Good Luck and let me know how you make out on this.
Do you have gas or electric heat. If you have gas then you do not have a heat pump. You should in most cases have a red,yellow, white, and green wires coming to the thermostat. R should go to rc/rh G should go to green Y should go to Y and w should go to W. Also the switches on back should be switched to non heat pump and gas rather than electric. Hope this helps.
Did you just install this heat pump? If so it sounds like you replace a regular a/c with a heat pump, which will require more wires for the reversing valve. First check to make sure you have 24v going to the condenser. Make sure you have a heat pump t-stat. You should have a orange t-stat wire for your reversing valve. At the t-stat you will have terminals R, Y, G, O, X or C or B, W1, and W2. R is half of your 24v circuit and is a red wire, Y is for cooling mode, G is the Fan green wire, O is for the reversing valve, orange wire, X or C or B is the other half of control circuit blue wire, W1 and W2 is the heat strips in the furnace tan and black wires. These are standard color code but remember electricity does not know colors and an installer may have used different colors. If all of this is correct possibly bad contactor.

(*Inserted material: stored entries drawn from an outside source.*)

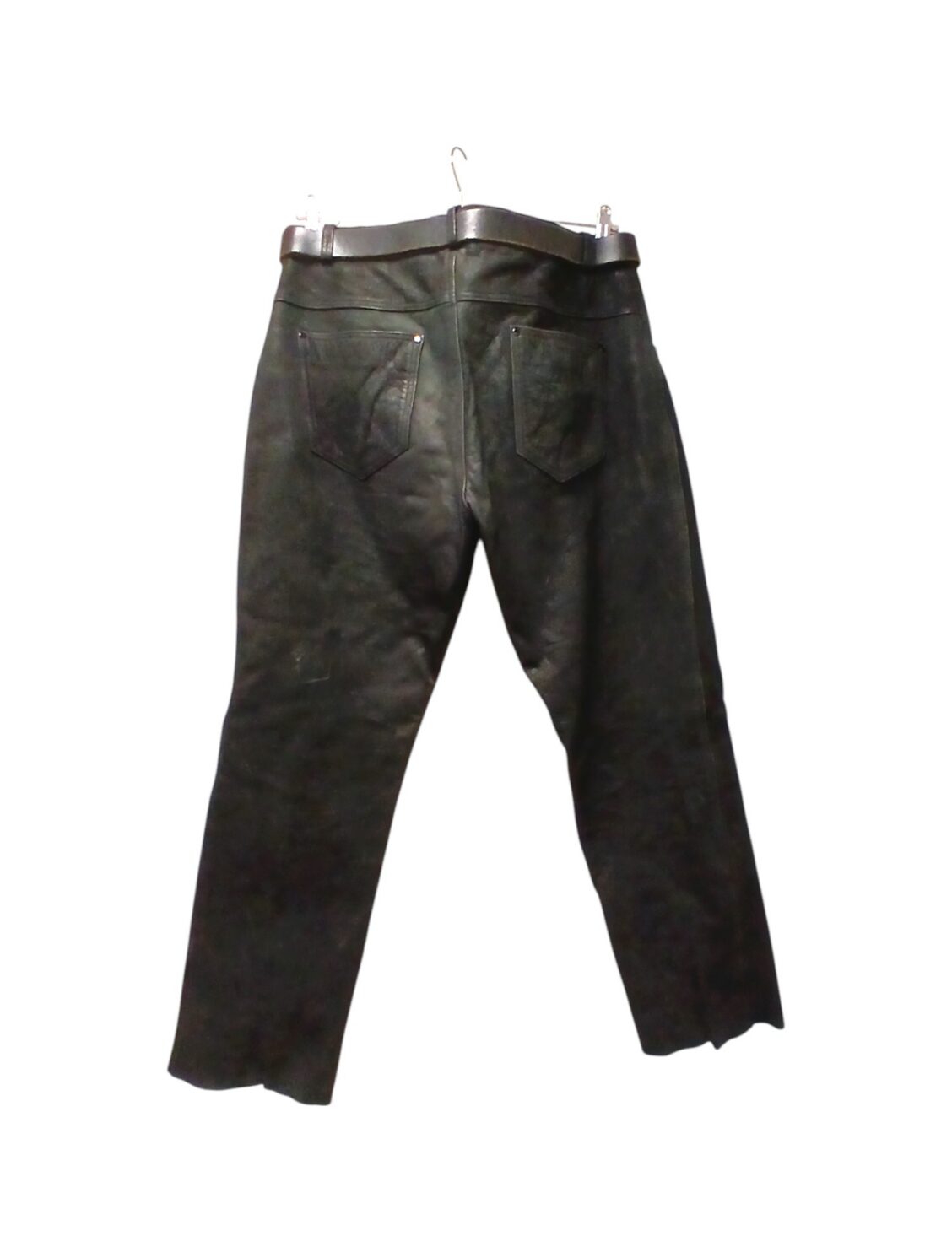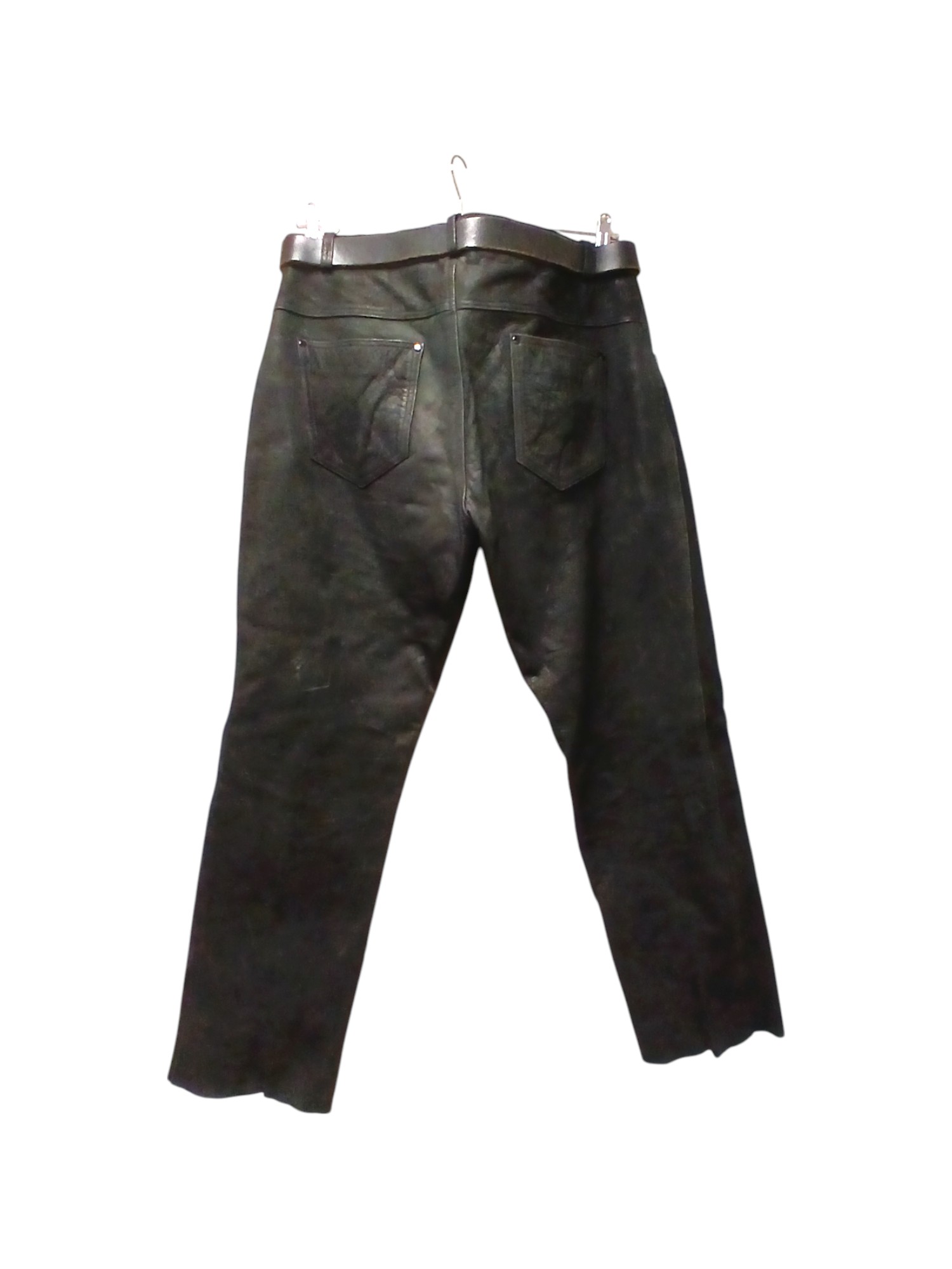 Held nahast mootorratturi püksid rihmaga.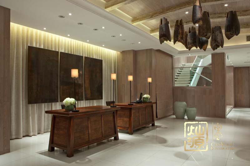 田元餐廳設計,南寧餐廳裝修要素二:接待區(qū)原木的座椅和木質(zhì)桌子搭配,給人一種樸實的味道。在搭配原木的柜子,使整個氛圍更濃郁。別具一格的吊燈,使空間充滿奢華感,將整個中式田元味道展現(xiàn)在人們面前。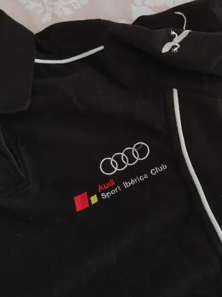 Polo negro del Audi Sport Ibérica Club. Presenta un diseño con detalles bordados. - Logo de Audi y texto Sport Ibérica Club bordado. - Detalle de bandera tricolor bordada. - Dibujo de lagarto bordado en la manga. Talla 38, tengo otro talla 40_42

Start with the simplest first it,s not fun but it's necessary EVERY TIME. Clean your evaporator and condenser coil, change your air filter. Getting to the evap. coil is often a real headache and a result doesn't get done often. When its clogged as you probably know the refrigerant can't absorb heat at the coil so it tries to absorb heat on the way to the compressor freezing the hot gas line the safety circuits that protect the heat pump compressor from getting liquid refrigerant back to the compressor almost immediately will take the compressor of line (looking somewhat like a defrost cycle). I hope this helps it's a tough repair GL!